• _WHAT YOU WILL DO_: Search the data for the string "glass" and extract every line where it appears.

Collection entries
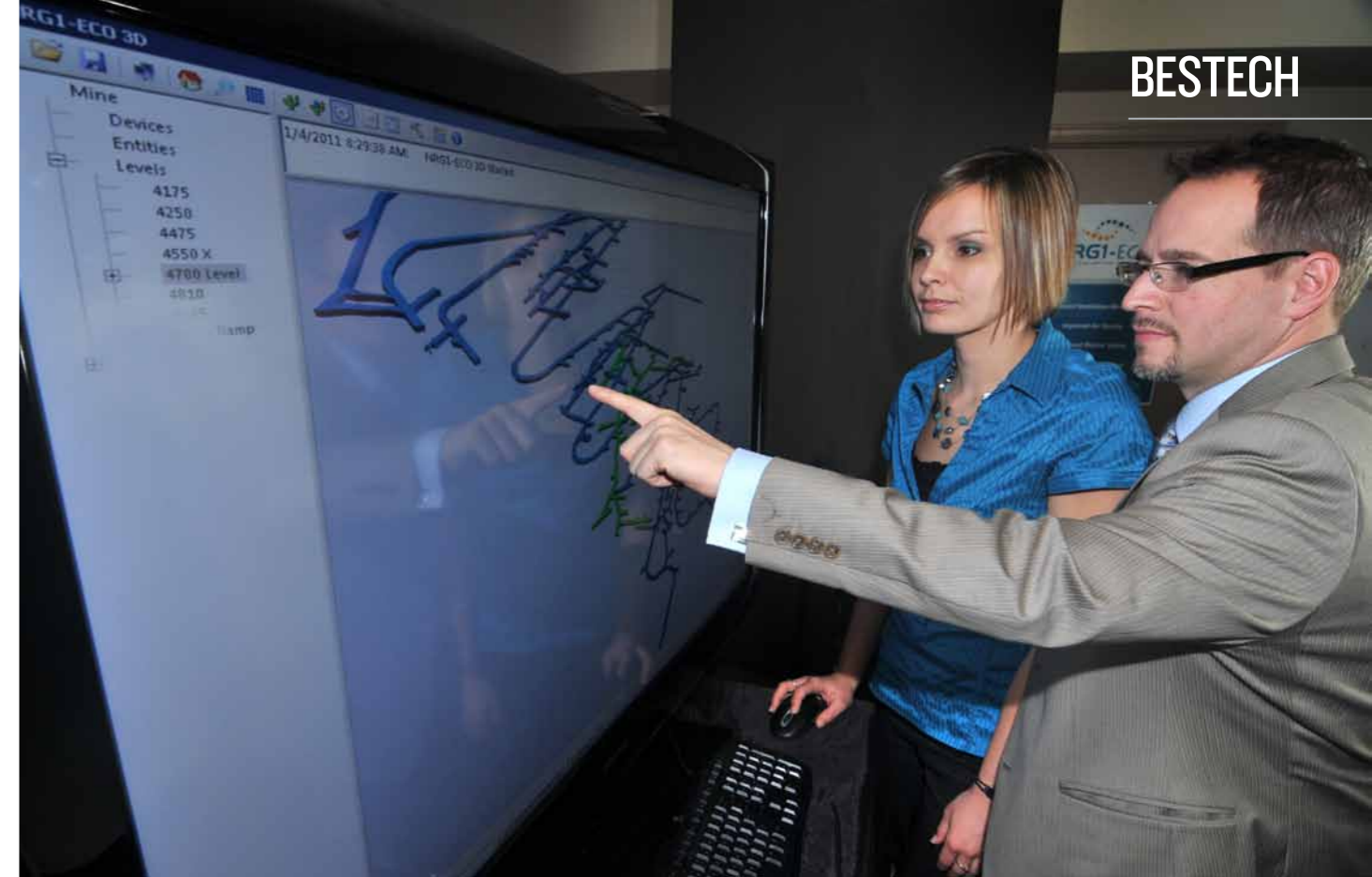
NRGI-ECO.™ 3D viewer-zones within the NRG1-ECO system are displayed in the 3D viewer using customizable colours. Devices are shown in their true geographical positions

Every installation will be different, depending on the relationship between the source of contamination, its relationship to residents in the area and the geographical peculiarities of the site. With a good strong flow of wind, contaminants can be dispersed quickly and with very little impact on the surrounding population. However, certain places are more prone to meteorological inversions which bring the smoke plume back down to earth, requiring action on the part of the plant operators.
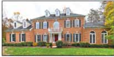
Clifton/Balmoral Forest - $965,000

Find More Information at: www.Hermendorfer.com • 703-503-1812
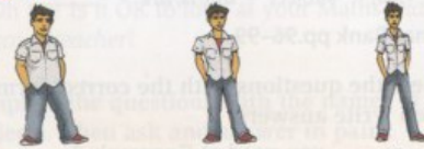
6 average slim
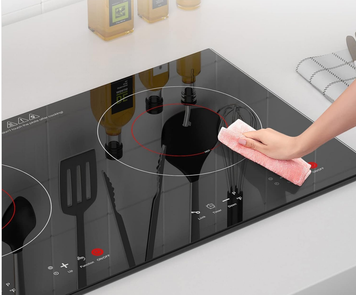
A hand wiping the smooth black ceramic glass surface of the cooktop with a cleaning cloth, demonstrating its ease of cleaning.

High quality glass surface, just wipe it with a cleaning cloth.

• _ANSWER BOX_:
A hand wiping the smooth black ceramic glass surface of the cooktop with a cleaning cloth, demonstrating its ease of cleaning.
High quality glass surface, just wipe it with a cleaning cloth.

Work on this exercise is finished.